Now that the season has been open for a day, how has everyone done so far, and is anyone seeing lots of birds in a general area so far?


----------



## huntingmaniac (Mar 22, 2011)

Drove from sanborn to jamestown to montpelier to marion with few birds in fields. Most of the birds seem to be molting resulting in the geese staying on the slough all day and night. Its gonna be at least a week till it heats up and most fields should be off at that time.


----------



## FoldEmXtreme (Jan 3, 2010)

Low numbers so far the biggest feed I have seen is 70 birds!


----------



## dakotashooter2 (Oct 31, 2003)

Farmers were taking off some wheat today and I saw a handfull of geese in a summer fallow field. I also saw more geese on the local lake today, than I have seen the last 3 weeks so something is going on. Contemplating taking my chance on the stubble field tommorrow to see if they find it.


----------



## Old Hunter (Mar 8, 2002)

I did not hunt but some of my friends did. Low bird numbers because the hatch was not as good as usual. The hunting was a zoo because not many fields were harvested.This caused hunters to go for the same fields and if you did not have a posted field lined up you shared it with others. There was a lot of jump shooters, if the roost was accesable it was jumped.I was fishing yesterday, trolling a deep spot very close to the highway when a truck hit its brakes and 3 guys jumped out and started shooting from the road.They werent more that 50 yds from me. They knocked down 3 geese that I could see.The slough that they shot was very deep and they had no dog They pulled out a pair of waders and tried to walk into the water, after 3 steps he took water over his waders. I told him to strip down to his shorts and start swimming.They got in their truck and left the birds. I could not retrieve them with my boat because they were on the other side of the roed. What a waste.


----------



## teamflightstoppersND (Feb 20, 2009)

No pics yet???? There has to be someone who has got into them!


----------



## Guest (Aug 18, 2013)

teamflightstoppersND said:


> No pics yet???? There has to be someone who has got into them!

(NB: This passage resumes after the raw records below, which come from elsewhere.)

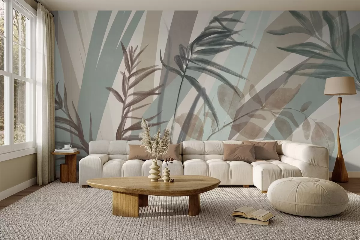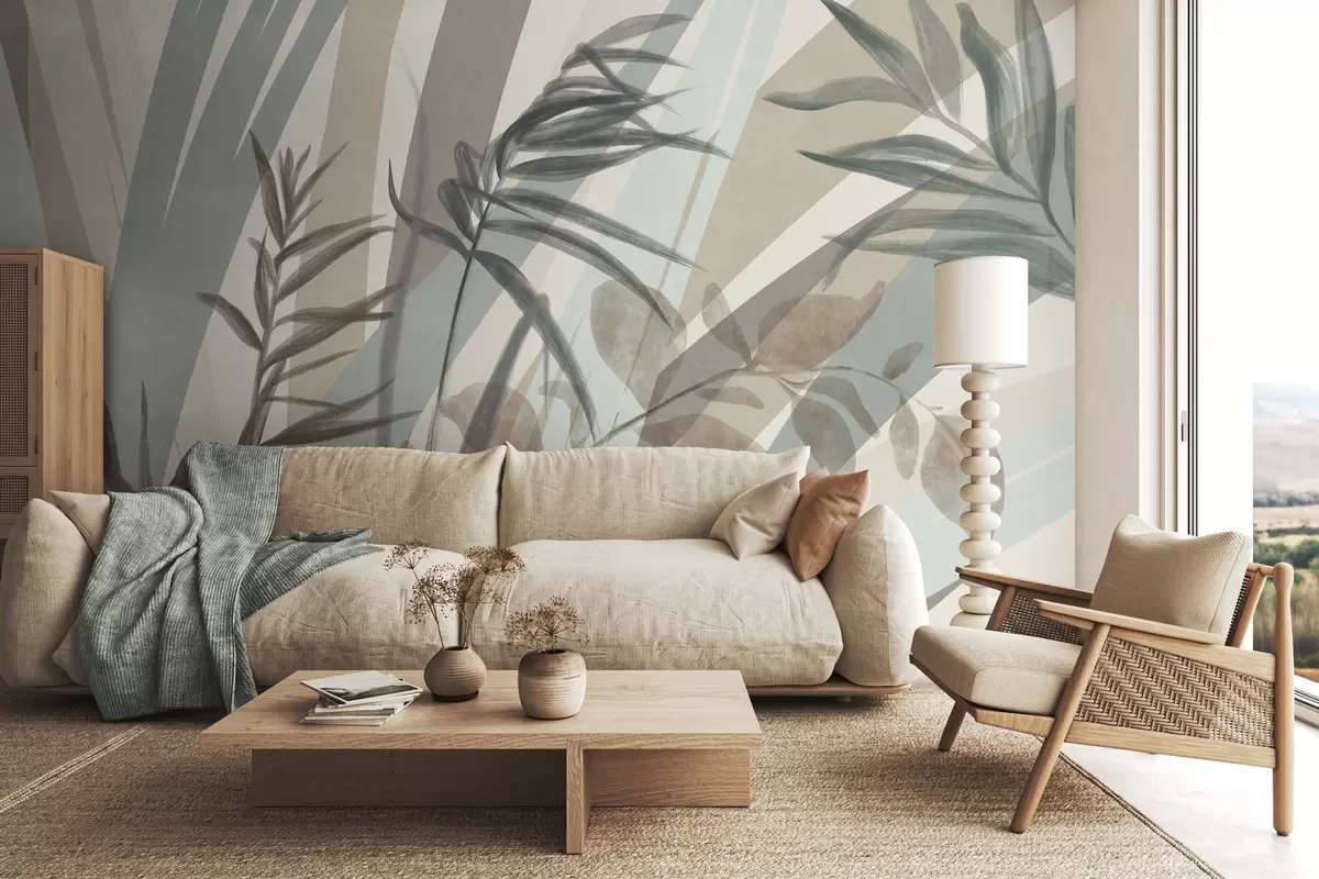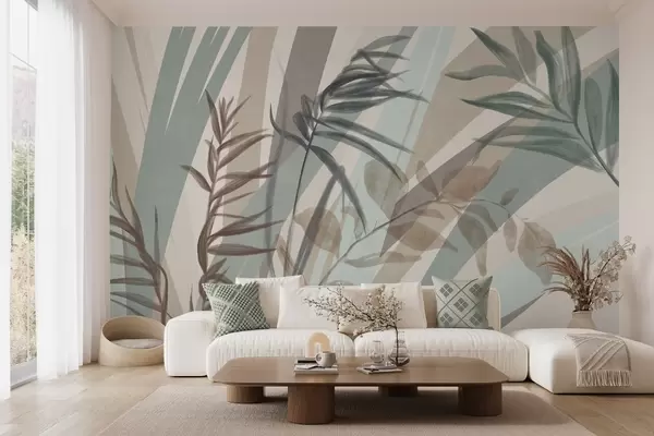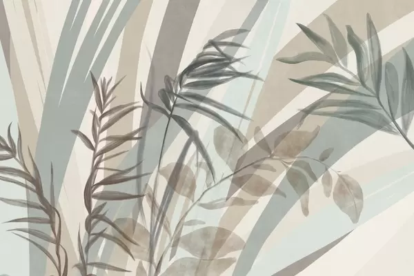 Fototapeten Hohes, strukturiertes Gras und Blätter in gedeckten Erdtönen, mit abstrakten Linien im Hintergrund, die einen organischen Druck ergeben. Nr. w09643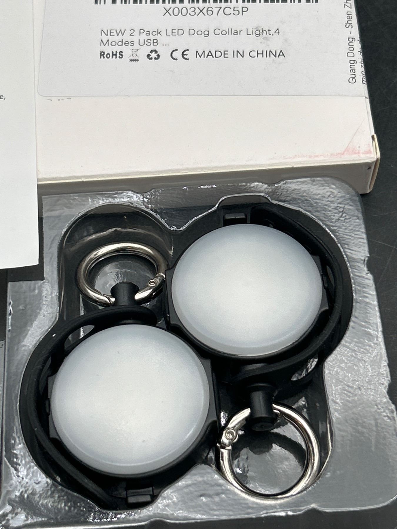 Two LED dog collar lights offering 4 different light modes for visibility and safety. Rechargeable via USB. Includes metal rings for attachment. Model number X003X6T6GP, made in China. RoHS and CE certified.
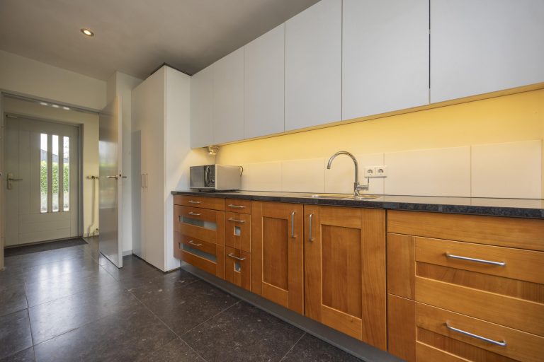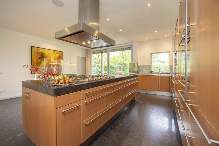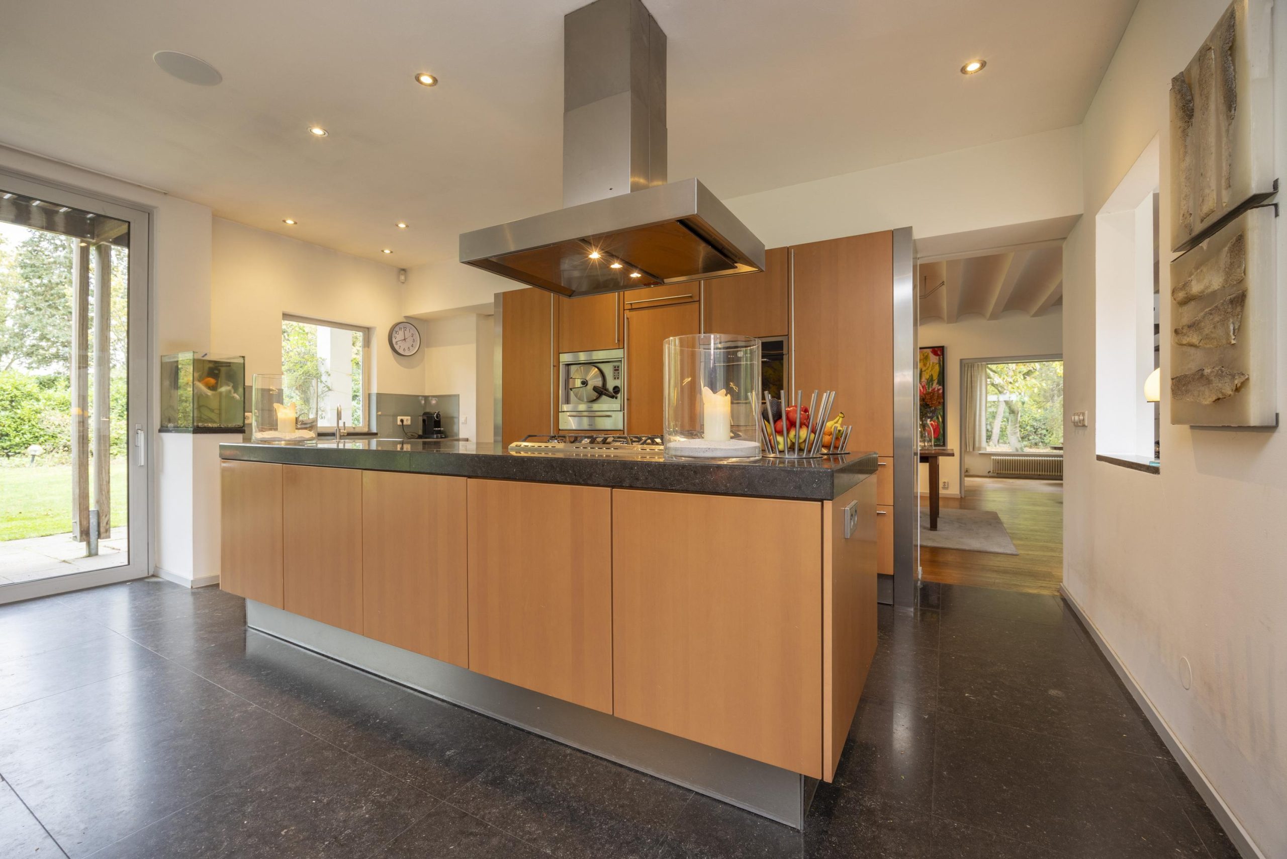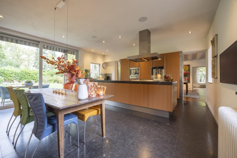 Aansluitend aan de eetkamer is de royale leefkeuken, voorzien van een hardstenen vloer. De praktische inrichting met een kookeiland, wandopstelling en aanrecht maakt dat u hier uitgebreid kunt koken en leven. Er is diverse inbouwapparatuur aanwezig (2003): een 5 pits gaskookplaat (incl. wokbrander) met rvs-afzuigschouw, stoomoven, bordenwarmer, oven, vaatwasser en twee koelkasten. Een schuifpui geeft direct toegang tot het overdekte terras en het buitenleven.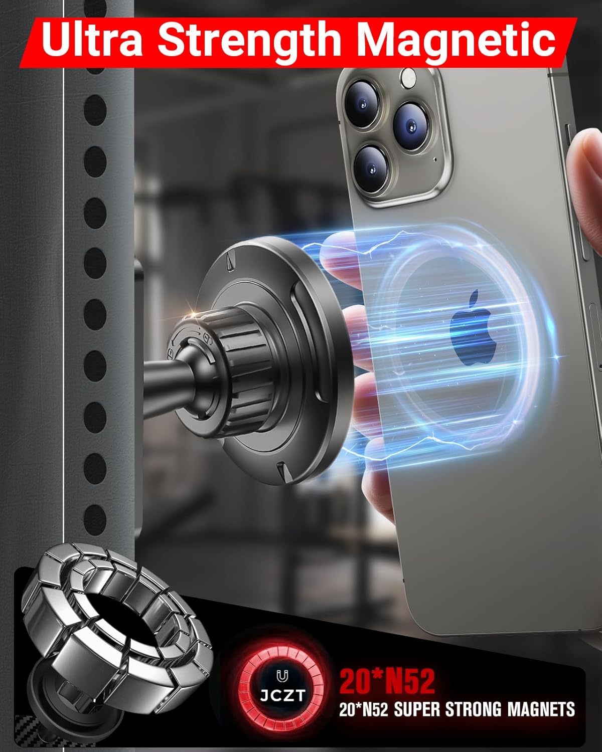 Highly effective Magnetic Base: Constructed-in 8*N52 industrial-grade magnets embedded within the base of the fitness center magnetic telephone holder guarantee a powerful and shockproof match on any metallic floor, making this health telephone holder securely mounted on fitness center gear – even throughout weightlifting or high-intensity interval coaching with zero wobble!
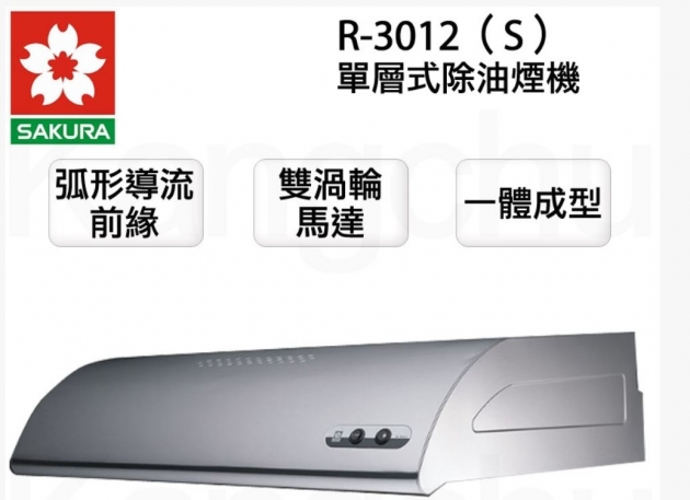 【永勝廚具】櫻花R-3012S標準型(70/80/90)不鏽鋼雙馬達奈米除油煙機(台灣製造.優良品牌)現金價,送基本安裝
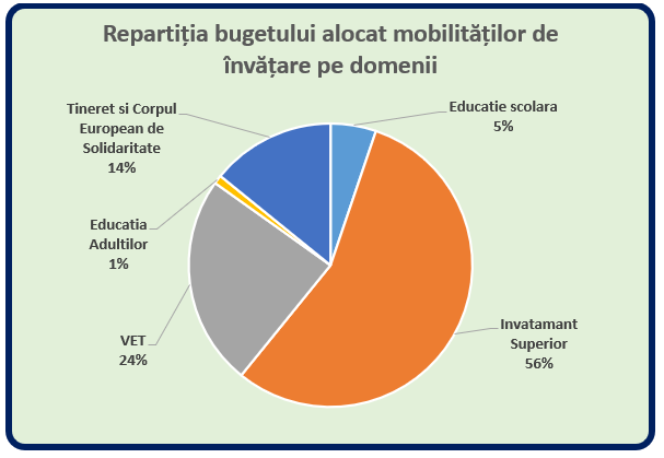 Domeniul Învățământului Superior a absorbit 56% din totalul bugetului alocat pentru mobilități de învățare, în timp ce cel mai mic de procent, de doar 1%, s-a îndreptat către Educația Adulților (Figura B).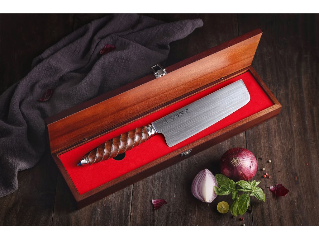 Das Nakiri Messer HEZHEN F4 ist in einer luxuriösen Holzbox verpackt, die seine Einzigartigkeit unterstreicht. Dank der Geschenkbox gilt es nicht nur als ein ideales praktisches Geschenk nicht nur für den Haushalt zu verschiedensten Anlässen, sondern auch als praktisches luxuriöses Geschenk für Geschäftspartner. Das luxuriöse Design der Holzbox und das hochwertige Messer wird jedem Beschenkten Freude machen.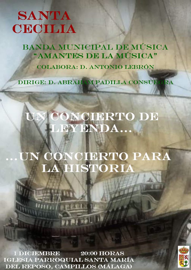 “Un concierto de leyenda… un concierto para la historia” es el título de este concierto que se llevará a cabo el próximo sábado 1 de diciembre a partir de las 20.00 horas en la iglesia parroquial Santa Maria del Reposo de Campillos.
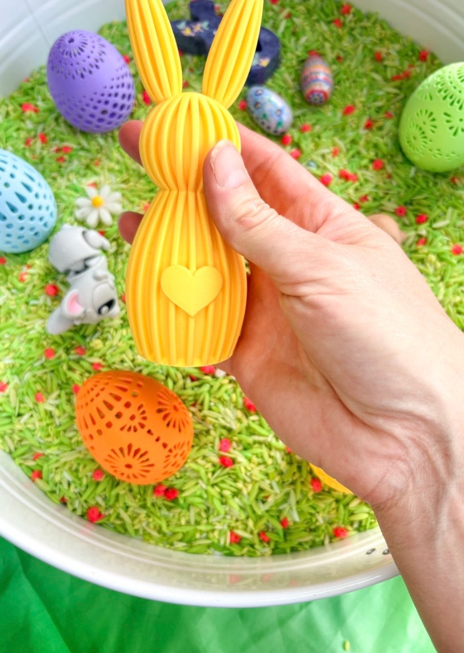 Each Bunny is lovingly printed by me using eco-friendly PLA filament — a plant-based, biodegradable material that's safer for little ones and kinder to the planet. These coins are lightweight yet durable, offering the perfect space for sensory bases, small world adventures, sorting activities, and creative exploration. Crafted with care and a deep love for sensory play, they help make setups more inviting, and inspiring for young imaginations.

Heres a few we got into...


----------



## Guest (Aug 18, 2013)

Posting from my phone so apologies if pics are big..


----------



## gtudesko (Aug 14, 2013)

Where did you get those birds at


----------



## Guest (Aug 18, 2013)

South East


----------



## huntingmaniac (Mar 22, 2011)

Congrats on the bands, may I ask where they were banded?


----------



## Gr8outdoors27 (Sep 24, 2012)

Finally found a few birds Sunday night in a fallow wheat field. They were in there feeding on some clover that was coming up. Took a chance and hunted it this morning. I don't know where they went, but I never saw or heard a goose. Still some green in the wheat fields in the area I was at. I work the next nine days, so hopefully by then some fields will be cut and everyone will be seeing a few more birds.


----------



## snowgoosekilla1 (May 6, 2012)

13 from Saturday evening.


----------



## templey_41 (Jul 19, 2008)

snowgoosekilla1 said:


> 13 from Saturday evening.


Nice , those birds looked like they were killed at 50+ yards


----------



## snowgoosekilla1 (May 6, 2012)

Nope 75+ yards and all one flock!  :*


----------



## bigeyes (Aug 28, 2007)

That is strange I was expecting the pictures to be full of yellow fuzzy geese


----------